5

Up to now I do this:

rets=set(pool.map_async(my_callback, args.hosts).get(60*4))

If the timeout is hit, I get an exception:

 File "/usr/lib/python2.7/multiprocessing/pool.py", line 524, in get
    raise TimeoutError
multiprocessing.TimeoutError

I would like to handle this gracefully:

The output for all hosts I could reach should go into rets and all hosts which timed out should go into a separate list.

How could this be done?

Update

Six years later I think it makes more sense to use go instead of Python for concurrent applications.

guettli
  • 25,042
  • 81
  • 346
  • 663
  • try-except is obviously the solution, so I'm wondering what is the catch? – John Mee Jun 07 '16 at 05:39
  • `hosts I could reach` goes in `try`, `all hosts which timed out` go in `TimeoutError exception`.... where is the rocket science here? – NoobEditor Jun 07 '16 at 05:44
  • @JohnMee you say try-except is the solutions. But how? I my_callback() gets called 100 times in parallel. There is one line in the code: calling map_async(). AFAIK `rets` is empty if an exception gets raised. How to get two lists: result of not timed out calls and list of timed out hosts? – guettli Jun 07 '16 at 06:01
  • Ah, i see, the "catch" is that everything is happening in a one-liner. You'll need to [trawl through the docs](https://docs.python.org/3/library/multiprocessing.html#multiprocessing.pool.AsyncResult) and work out how to break it up into a multiline problem so you have one statement invoking one process and thus can catch the timeout on that one, and no other. – John Mee Jun 08 '16 at 00:49

1 Answers1

9

As far as I know, you can't, or at least not with map_async. map_async is a convenience method there to solve a particular problem for a particular use case, and that doesn't match up with what you've got because you want more fine control.

However, you can still do it, you just need to use the more fine-grained methods in the multiprocessing module.

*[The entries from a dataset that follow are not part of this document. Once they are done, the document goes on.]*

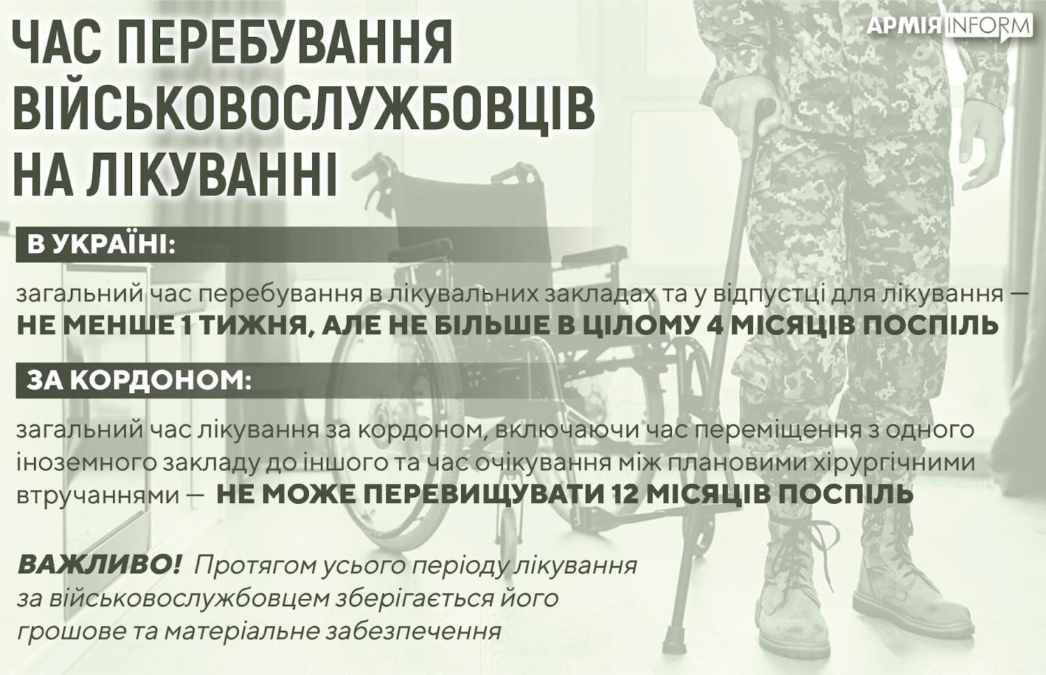 Общее время непрерывного пребывания военнослужащего в учреждениях здравоохранения и отпуске для лечения в связи с болезнью или в отпуске для лечения после ранения составляет не менее недели и не может превышать в общей сложности четырех месяцев подряд, кроме случаев, когда законодательством предусмотрено более длительные сроки пребывания на лечении.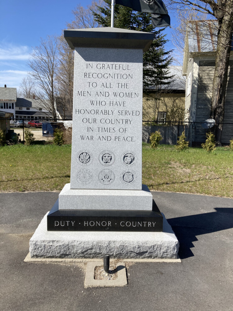 Organizers approached Bruce Collette at Collette Monuments in Lewiston and he pulled together a design that the committee approved. The original project was supposed to be at the Fire Station on Mill Hill Road, and Collette fit the design to that space.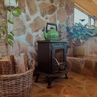 Müxtəlif şkaflar və çekmeceler də quraşdırılıb. Kempervanı odunla işləyən soba qızdırır.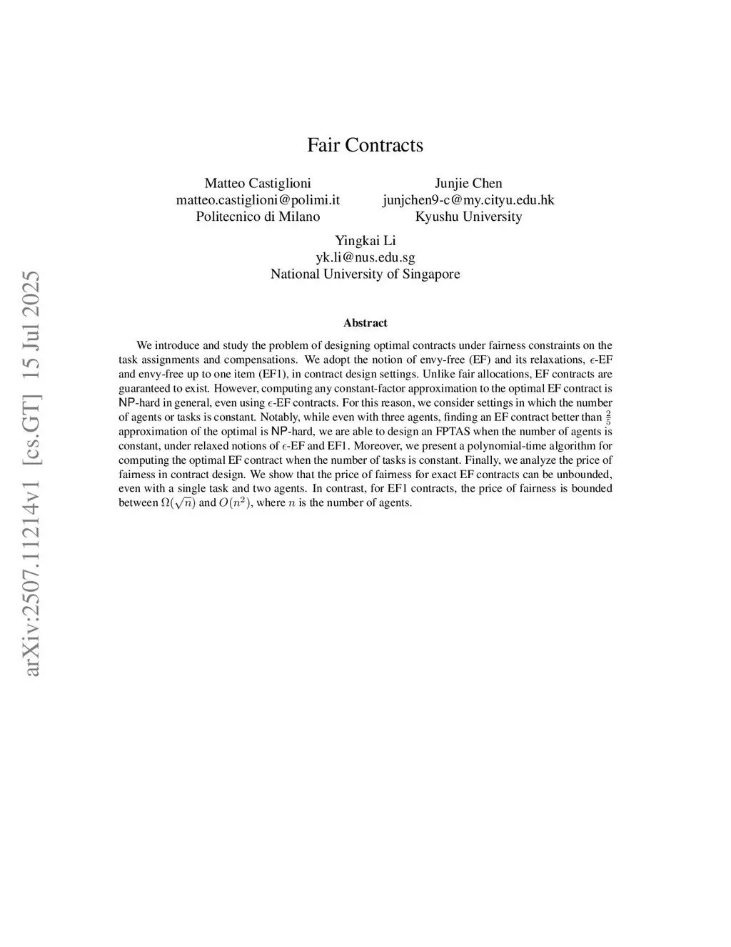 We introduce and study the problem of designing optimal contracts under fairness constraints on the task assignments and compensations. We adopt the notion of envy-free (EF) and its relaxations, -EF and envy-free up to one item (EF1), in contract design settings. Unlike fair allocations, EF contracts are guaranteed to exist. However, computing any constant-factor approximation to the optimal EF contract is NP-hard in general, even using -EF contracts. For this reason, we consider settings in which the number of agents or tasks is constant. Notably, while even with three agents, finding an EF contract better than approximation of the optimal is NP-hard, we are able to design an FPTAS when the number of agents is constant, under relaxed notions of -EF and EF1. Moreover, we present a polynomial-time algorithm for computing the optimal EF contract when the number of tasks is constant. Finally, we analyze the price of fairness in contract design. We show that the price of fairness for exact EF contracts can be unbounded, even with a single task and two agents. In contrast, for EF1 contracts, the price of fairness is bounded between and , where is the number of agents.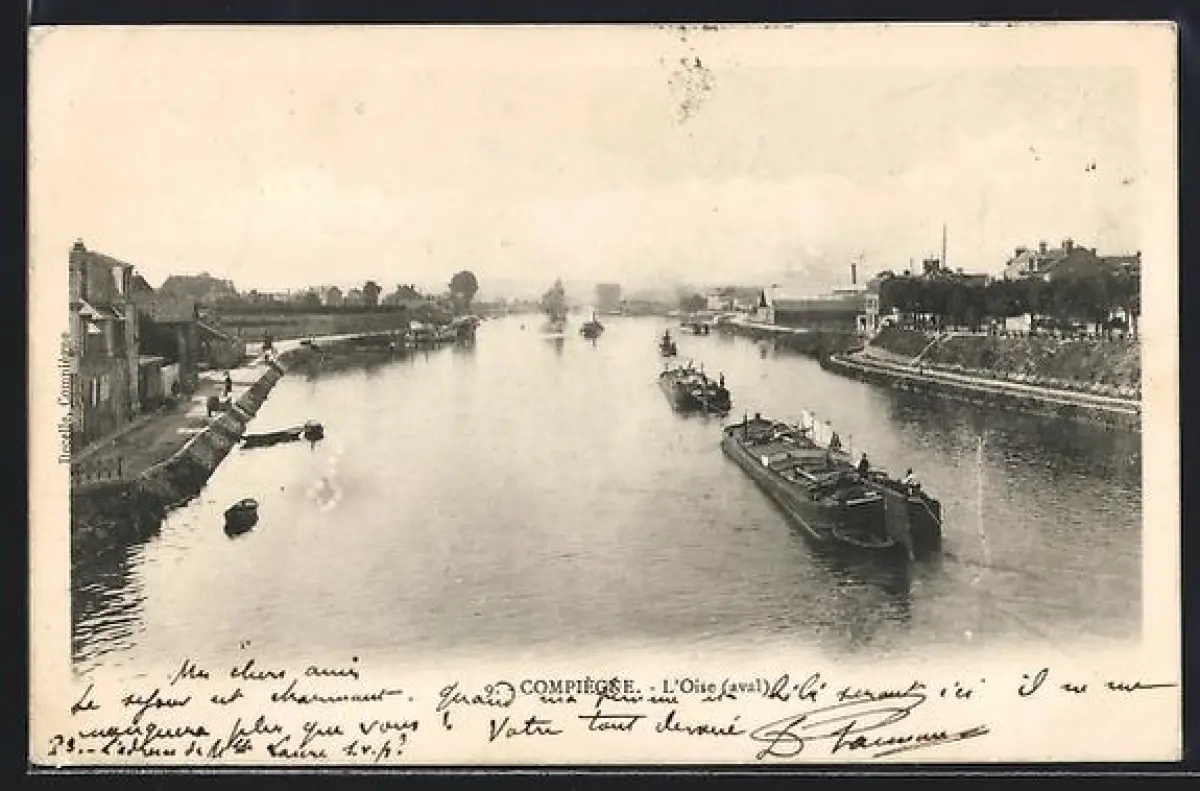 AK Compiègne, L`Oise avec des péniches naviguant sur la rivière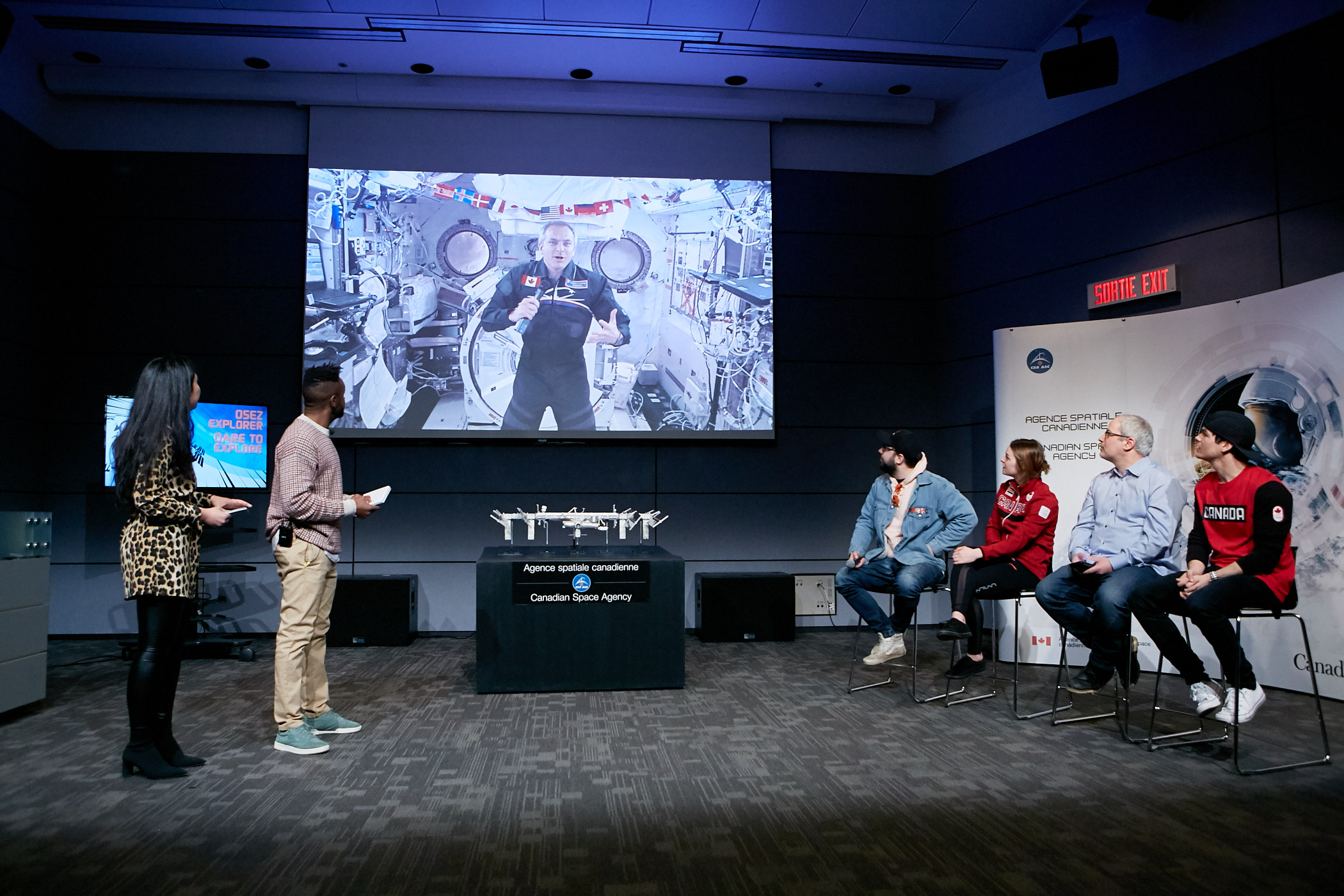 TV host Pierre-Yves Lord, science communicator Samantha Yammine, YouTuber Frédéric Bastien, athletes Kim Boutin and Mikaël Kingsbury, and scientific Martin Cali participate in the event. (Credit: Canadian Space Agency)

In particular, you can add jobs to your pool on the fly by using apply_async, which gives you much more control over how to handle success and failure of individual tasks.

Below is a pretty minimal example that I think does what you want:

from multiprocessing.pool import Pool, TimeoutError
from time import sleep, time


def task_function(xx):
    print('Task %d running' % xx)
    sleep(xx)
    print('Task %d ended' % xx)
    return 'Result of task %d' % xx

pl = Pool()
results = [
    pl.apply_async(task_function, (_xx,)) 
    for _xx in range(10)]

start = time()
wait_until = start + 5

rets = []
timed_out_results = []

for res in results:
    timeout = wait_until - time()
    if timeout < 0:
        timeout = 0

    try:
        rets.append(res.get(timeout))
    except TimeoutError:
        timed_out_results.append(res)

print('%s ended' % (rets,))
print('%s timedout' % (timed_out_results,))

This runs 10 jobs that print a line, sleep, then print another line. The first sleeps for 0 seconds, the next for 1, the next 2 etc. We timeout the pool after 5 seconds, and so we expect 5 tasks to have finished and 5 tasks to have timed out.

Be aware that I have not stopped the tasks that are still running, and so in the real world they may continue and finish in the time it takes to print the results. You'll have to work out how much you care about that / what to do about it.

daphtdazz
  • 7,754
  • 34
  • 54